Lighthouse in Anglesey, Wales

The Skerries Lighthouse was first lit on the highest point of the largest island in The Skerries, Isle of Anglesey after 1716. A patent for the lighthouse was subsequently obtained in 1824. The builder was William Trench, who lost his son off the rocks and died in debt in 1725. He is said to have originally been allowed a pension from the Post Office, rather than payment from shipping tolls. The Skerries Lighthouse Act 1729 (3 Geo. 2. c. 36) allowed his son-in-law, Sutton Morgan, to increase the dues charged for shipping and confirmed the patent on the light to Morgan's heirs forever.

==History==
It was rebuilt around 1759 by Morgan's heirs for about £3,000. The rebuilt lighthouse was a slightly tapering limestone tower, 6.65 m in diameter and about 8.5 m high. It was lit by a coal brazier on top of the tower.
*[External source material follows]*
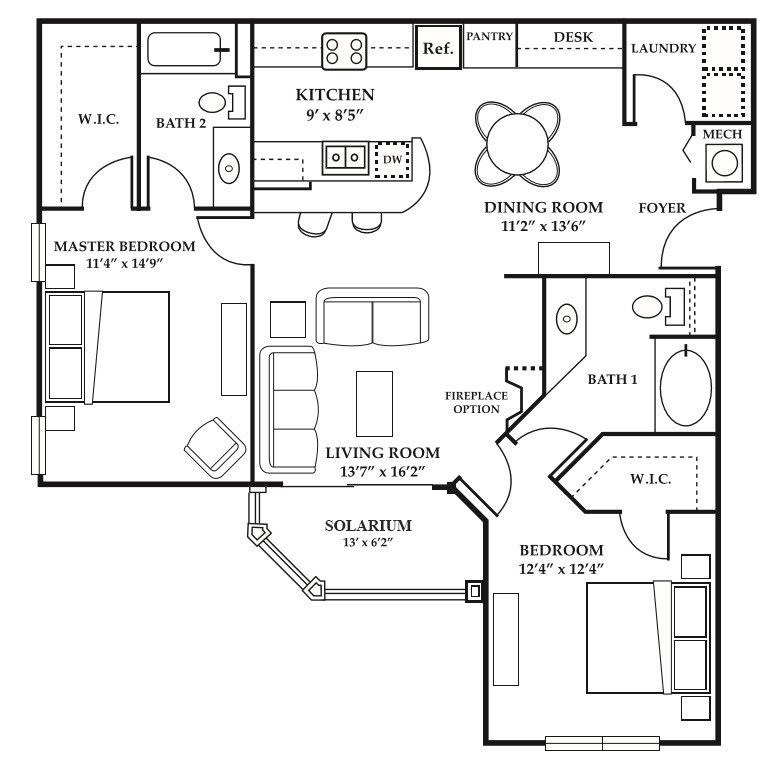 2 Beds, 2 Baths, 1241 sq ftAvailable NowModel Gallery

Morgan Jones, who was twice High Sheriff of Cardiganshire, inherited the lighthouse in 1778; he raised the top of the tower by 6.7 m and built an iron balcony with railings enclosing the oil-burning lantern. The lantern was glazed all around with square panes and covered by a cupola.

Trinity House took over operation of the lighthouse under the Lighthouses Act 1836 (6 & 7 Will. 4. c. 79), but not without a fight from the original owners, who wanted to protect their investment from a low takeover price. The final price paid was a little over £440,000 a reflection of the huge revenues that were accruing to the owners via shipping dues of 1d (one "old" penny, 1/240th of a pound) per ton from every commercial vessel over 5 tons entering Liverpool. Foreign ships and ships sailing in from foreign ports were liable to double this rate. The dues were payable irrespective of whether or not the vessel actually passed within the range of the light or the time of passing.
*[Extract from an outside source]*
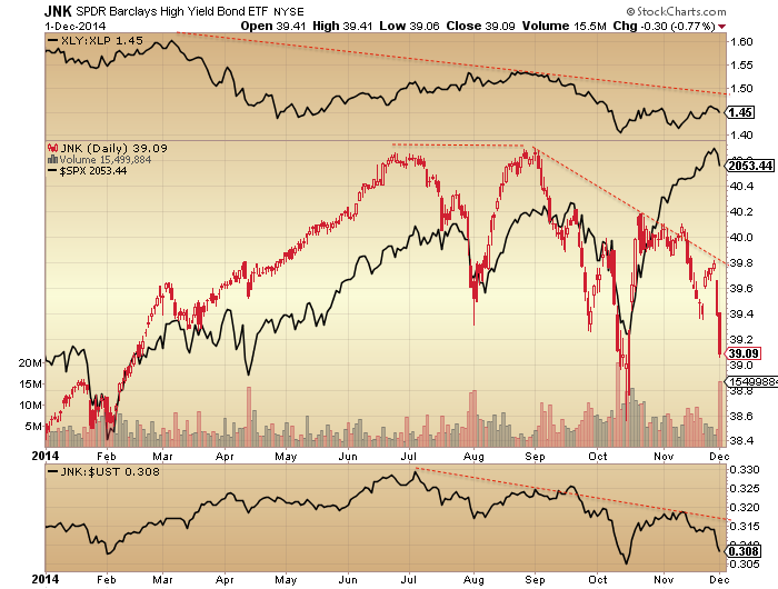 1. Primary shift to defensives and away from risk occurred as of January 2014, as measured by stocks to bonds, cyclical to defensive sectors, small caps to all caps and high yield to treasury bonds. Clock ticking from that point.

The lighthouse was lavishly restored by James Walker, exhibiting two of his characteristics: a decrease in diameter and a solid parapet (as seen at his Trwyn Du Lighthouse). The stone-built gallery was 0.84 m wide and bracketed out on corbels with a crenellated parapet. A new cast-iron lantern, 4.25 m in diameter, was glazed with square panes around a dioptric light with mirrors, later replaced by a lens. On the north side of the tower there is a former external doorway exhibiting the Trinity House coat of arms, which now leads to the engine room.

The light shines at a height of 36 m above the average high tide, with an intensity of 1,150,000 candelas. It flashes twice every 10 seconds and can be seen 22 nmi away. In 1903–4, a solid circular tower, about 3 m in diameter, was added to the south-west side of the main tower to carry a sector light. This shines at an elevation of 26 m above the sea. The light was automated in 1987 and is now controlled from Holyhead.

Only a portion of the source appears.